** Data records follows **
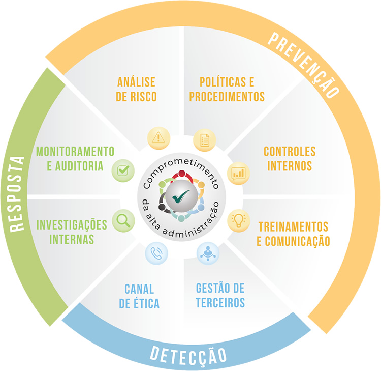 Prevenção: Análise de riscos, politicais e procedimentos, controles internos, treinamentos e comunicação.
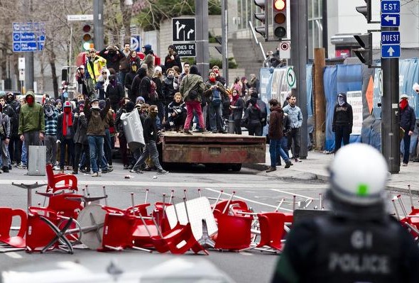 Różne grupy, w tym strajkujący studenci, zakłóciły przebieg targów pracy o nazwie Plan Nord, wywołując następnie zamieszki w centrum miasta. W wielu miejscach trwały intensywne starcia z policją. Tłum niszczył sklepowe wystawy, a także pozbawił okien Montrealskie centrum handu (Montreal World Trade Center) oraz budynek grupy medialnej Quebecor. Zniszczono również kilkanaście radiowozów.
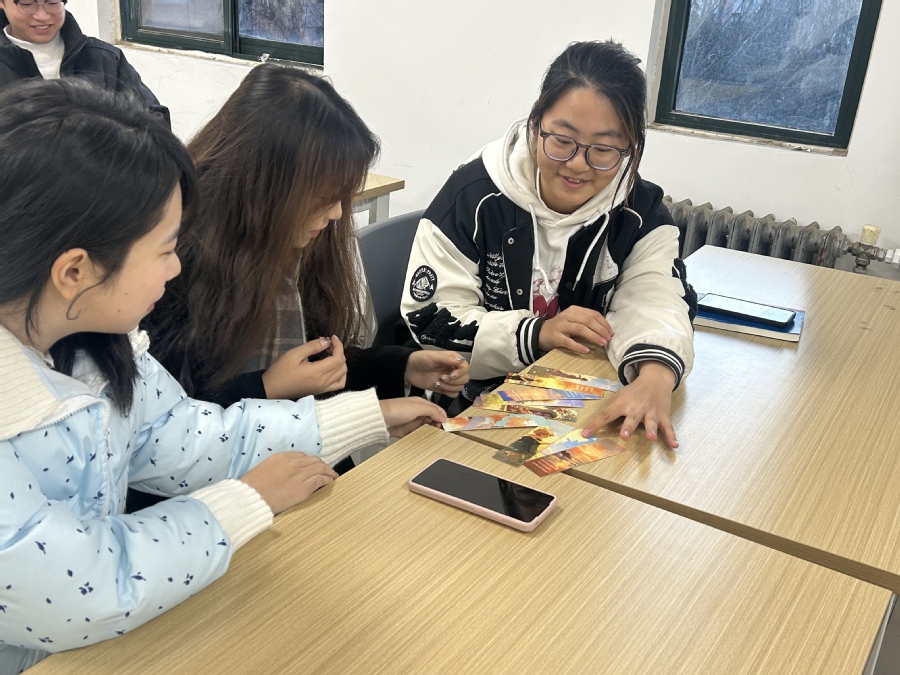 本次活动以好书分享交流、书签制作交换的形式开展,共有24位同学报名参加。活动中,同学们认真交流,积极参与其中。其中徐铭霞同学手持经典名著《平凡的世界》,以饱满情感讲述书中陕北城乡在上世纪变革浪潮里的故事。谈及孙少安负重前行办砖厂、孙少平背石闯生活,他通过自己的语言绘声绘色描绘出平凡人在苦难中不屈、逐梦的身姿,感慨“这书像时光隧道,引我们感受先辈奋斗,汲取奋进力量,在当下也能无畏前行”,台下听众沉浸其中,频频点头。交换书签环节,大家手持心爱书签,以契合书籍主题的书签互赠,这不仅是书签易主,更是思想碰撞、情谊传递,友谊和书香在这一递一接间升温升华。书签带着原主阅读感悟“漂流”,每枚都成为知识与情感使者,穿梭校园,让阅读热情随精美书签蔓延。
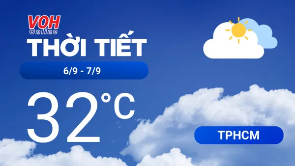 Ngày mai 7/9, TPHCM có mây, nắng nhẹ. Nhiệt độ buổi sáng trong khoảng 27-32 độ C. Độ ẩm không khí trung bình 75%. Gió cấp 1, giật trên cấp 2, hướng Tây Tây Nam, vận tốc 11-28km/h. Lượng UV cao nhất lúc giữa trưa ở mức 6.
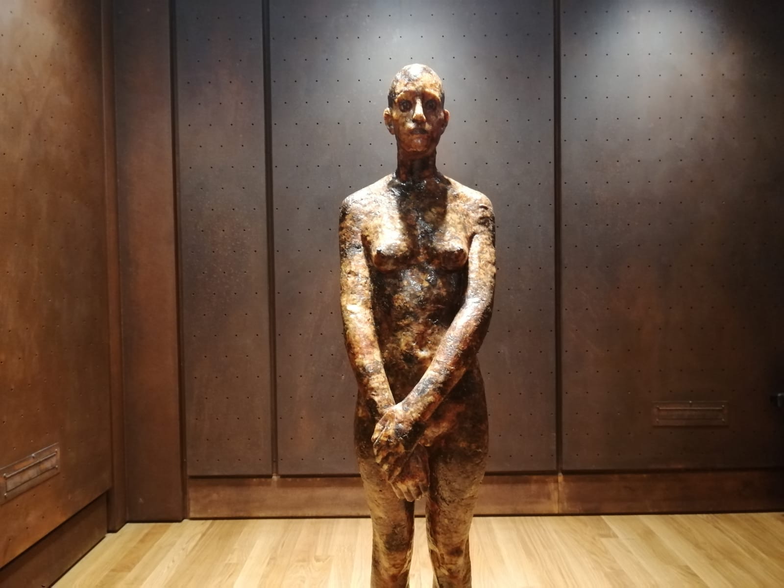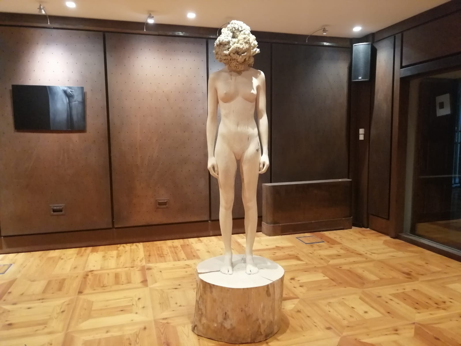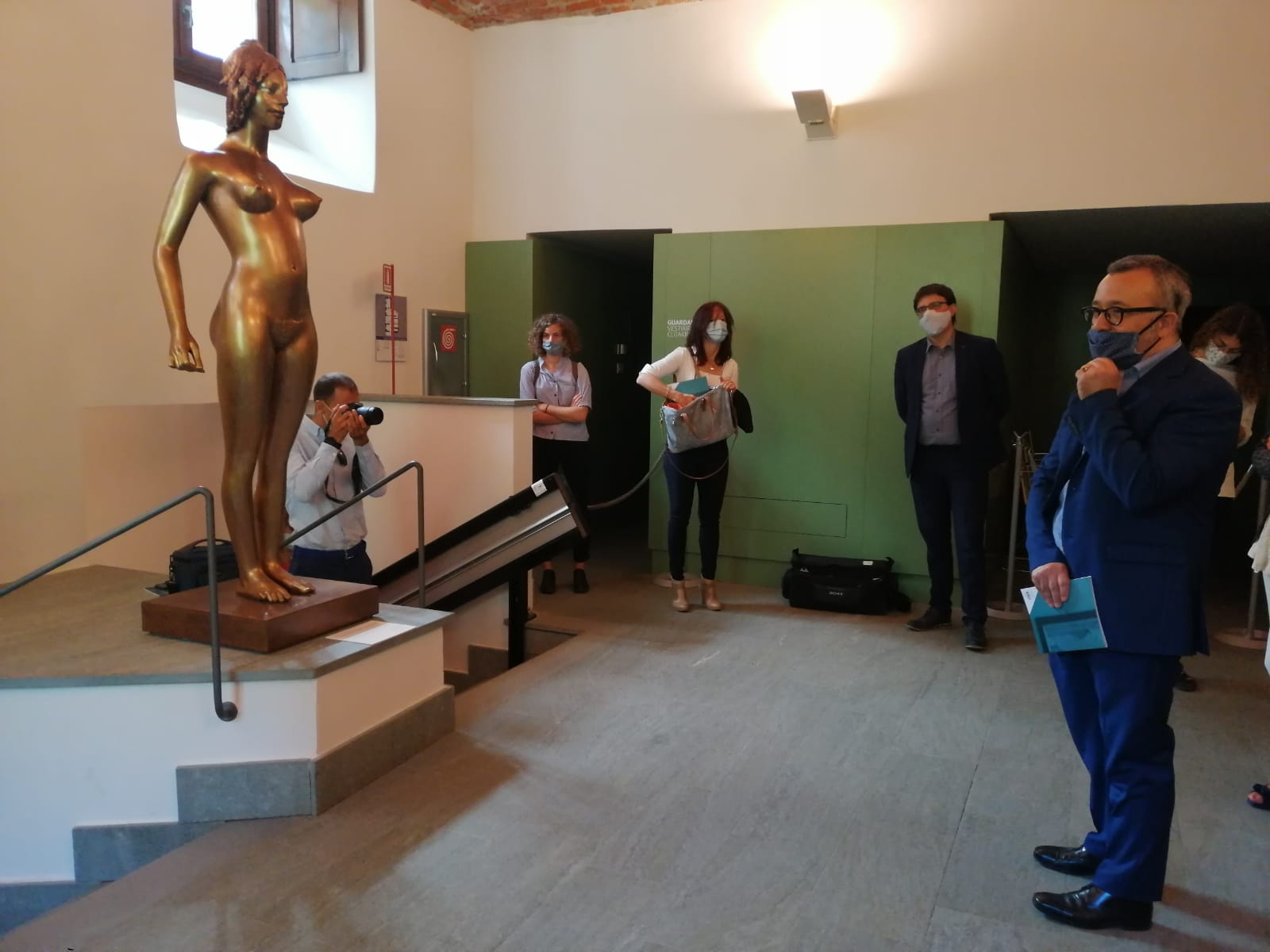 La prima opera che si incontra entrando nel castello è il Nudo Femminile di Giuliano Vangi. La figura, un bronzo dorato alto quasi 2 metri, accoglie e saluta il visitatore richiamando il mito di Pigmalione e proprio come accadde al Re di Cipro anche il visitatore non potrà fare a meno di rimanere affascinato da questa mostra che, con coraggio, traccia la strada per una ripresa possibile e più che mai necessaria.
** End of Data records **
Task goal –
Leaving pictures aside, give again word for word each line from the one with "本次活动以好书分享交流、书签" to the final line of the entries.

Solution for this task –
 本次活动以好书分享交流、书签制作交换的形式开展,共有24位同学报名参加。活动中,同学们认真交流,积极参与其中。其中徐铭霞同学手持经典名著《平凡的世界》,以饱满情感讲述书中陕北城乡在上世纪变革浪潮里的故事。谈及孙少安负重前行办砖厂、孙少平背石闯生活,他通过自己的语言绘声绘色描绘出平凡人在苦难中不屈、逐梦的身姿,感慨“这书像时光隧道,引我们感受先辈奋斗,汲取奋进力量,在当下也能无畏前行”,台下听众沉浸其中,频频点头。交换书签环节,大家手持心爱书签,以契合书籍主题的书签互赠,这不仅是书签易主,更是思想碰撞、情谊传递,友谊和书香在这一递一接间升温升华。书签带着原主阅读感悟“漂流”,每枚都成为知识与情感使者,穿梭校园,让阅读热情随精美书签蔓延。
 Ngày mai 7/9, TPHCM có mây, nắng nhẹ. Nhiệt độ buổi sáng trong khoảng 27-32 độ C. Độ ẩm không khí trung bình 75%. Gió cấp 1, giật trên cấp 2, hướng Tây Tây Nam, vận tốc 11-28km/h. Lượng UV cao nhất lúc giữa trưa ở mức 6.
 La prima opera che si incontra entrando nel castello è il Nudo Femminile di Giuliano Vangi. La figura, un bronzo dorato alto quasi 2 metri, accoglie e saluta il visitatore richiamando il mito di Pigmalione e proprio come accadde al Re di Cipro anche il visitatore non potrà fare a meno di rimanere affascinato da questa mostra che, con coraggio, traccia la strada per una ripresa possibile e più che mai necessaria.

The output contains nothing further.